The Finance Ministry has virtually ruled out a rethink on the proposed controversial tax amendments that seek to bring all Vodafone-Hutchison type offshore transactions into the tax net.

The current stance seems largely driven by the fact that taxation of indirect transfers could result in additional revenues of Rs 35,000-40,000 crore.

This is despite the concerns voiced by two industry chambers — FICCI and CII — that retrospective amendments to tax laws would dampen business sentiments and lower the morale of foreign and domestic investors.

Defending the spate of amendments proposed in the Budget to bring offshore transactions into the tax net, the Finance Secretary, Mr R.S Gujral, saw merit in bringing Vodafone and other similar cases to tax, even from the standpoint of equity.

In a post-Budget interaction with industry associations here on Sunday, Mr Gujral said the proposed amendments were only to make the intention of legislature clear about what the actual interpretation of the tax law is. Once the amendments are made, there will be certainty that all such offshore transactions were always “susceptible to tax”, he said.

The retrospective amendment is being done from April 1,1962 as the clarification has to be made effective from the date the income-tax law came into force. This does not mean the Income Tax Department will open all cases of indirect transfer of shares with underlying Indian assets from April 1962 onward, the Finance Minister, Mr Pranab Mukherjee, clarified.

The Department will restrict itself to the limitation period of six assessment years, which implies that transactions beyond the six-year period would not be opened.

Dampen investor sentiment

The FICCI President, Mr R.V. Kanoria, said regardless of how compelling the reasons may be, retrospective amendments in laws would do little for confidence-building and were a dampener for foreign and domestic investors.

The CII President, Mr B. Muthuraman, said making changes, seemingly substantive and retrospective in tax laws, would make investors “question our governance and legal systems. This might create an impression of India being investor-unfriendly at a time when we need urgent investment”.

Mr Gujral said that the Vodafone case was not oneof double taxation. Rather, it is a situation where no tax had been paid on such sale anywhere. It is not desirable that such capital gains not be taxed anywhere in the world, he added.

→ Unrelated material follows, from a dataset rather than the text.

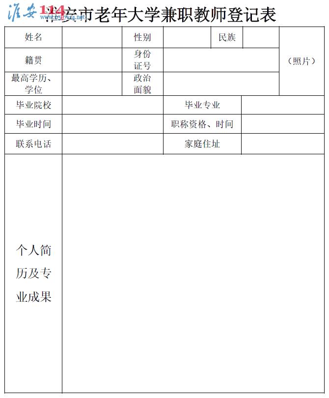 附:淮安市老年大學(xué)兼職教師登記表

He asserted that retrospective amendments would not have any negative impact on foreign direct investment (FDI) inflows, which had increased in China despite that country levying 15 per cent tax on similar offshore transactions. “FDI does not come because of zero tax. It comes where profits are to be made,” Mr Gujral said.

However, tax experts have a different take on the timing of the proposed changes. “The Vodafone controversy has spanned four years. If the move is to clarify on the legislative intent, why was it not done at the first available opportunity in 2008 itself? What is being done now through the Finance Bill is only after the Supreme Court's positive ruling was given, and that too to negate it,” said Mr Aseem Chawla, Tax Partner, Amarchand & Mangaldas.